Her şeyle birlikte insanın dünyadaki varoluşunun hesabını verecek sorumluluğu yanında şehrine karşı (öncelikle şehir yöneticilerinin) “yol haritası” niteliğinde sahip olmaları gereken nedir ? Onu da Üstad söylesin:

“İlk iş bir dünya görüşüne sahip olmaktır... İnsanoğluna, kainatın hesabını, ferdiyetinin encamını ve didinişlerinin hasılasını, neye vardığını, nerede karar kıldığını haber vermeyen hiçbir ideal, aslında ideal olmaya layık değildir.

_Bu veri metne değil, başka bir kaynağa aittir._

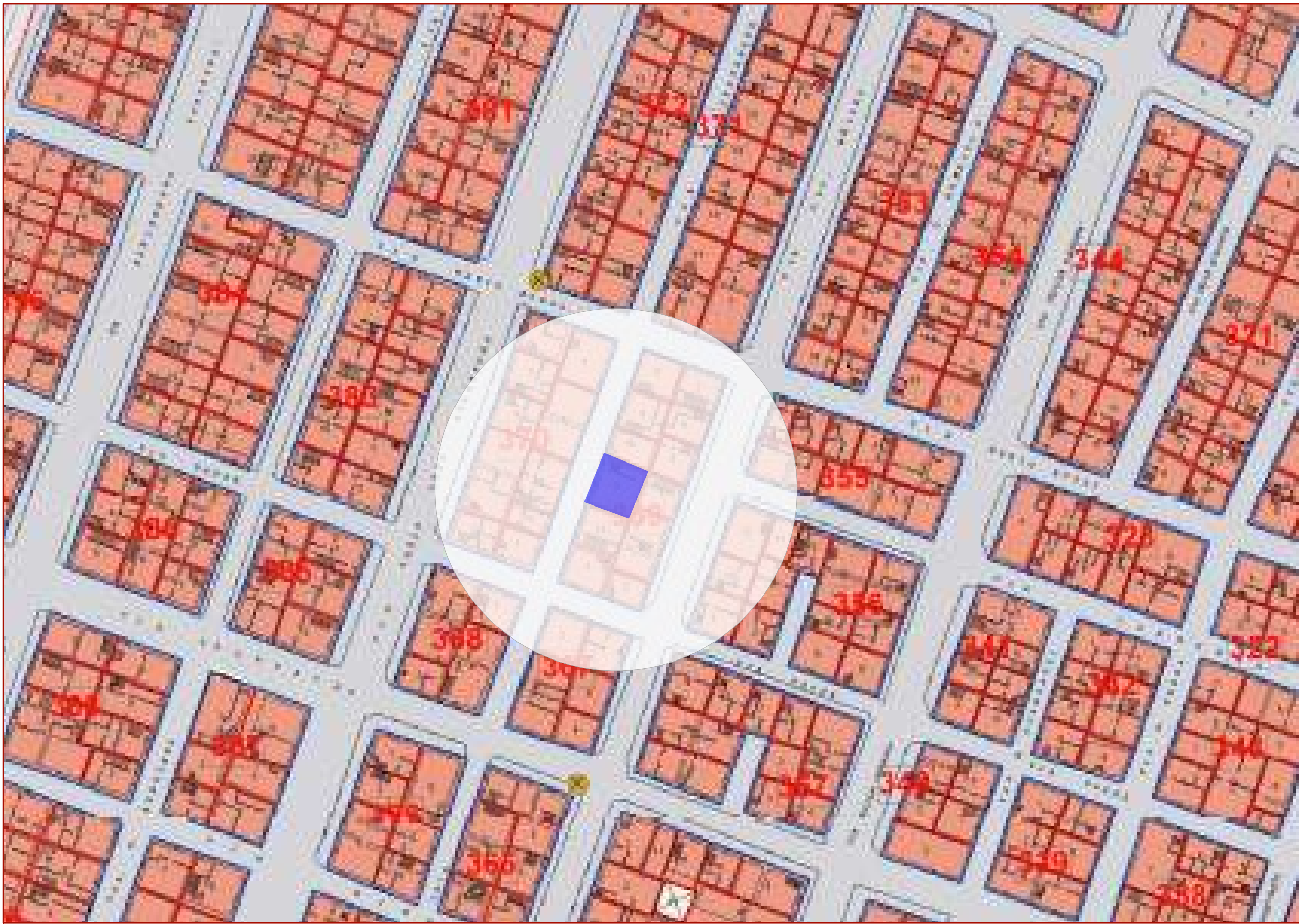
STRALCIO PPE_SCALA 1:500

Fikirsiz ve meselesiz, kafasında bir mimari hayali olmadan, sırf yıkmak için yıkma, yahut da bir şey yapabileceğini sanıp da, yıkmış olmaktan ibaret kalma davranışlarıysa ne üzerlerinde fazla konuşmaya, ne de sivri sineklere sıkılacak flit ilaçlarından başka bir mukabeleye değer şeyler..”

“Bana yanmak düşüyor, yangın görsem resimde” diyen Üstadın bu sözleri ve mısraı bilmem ki; şehrimize ve şehir yöneticilerine bir şey anlatır mı?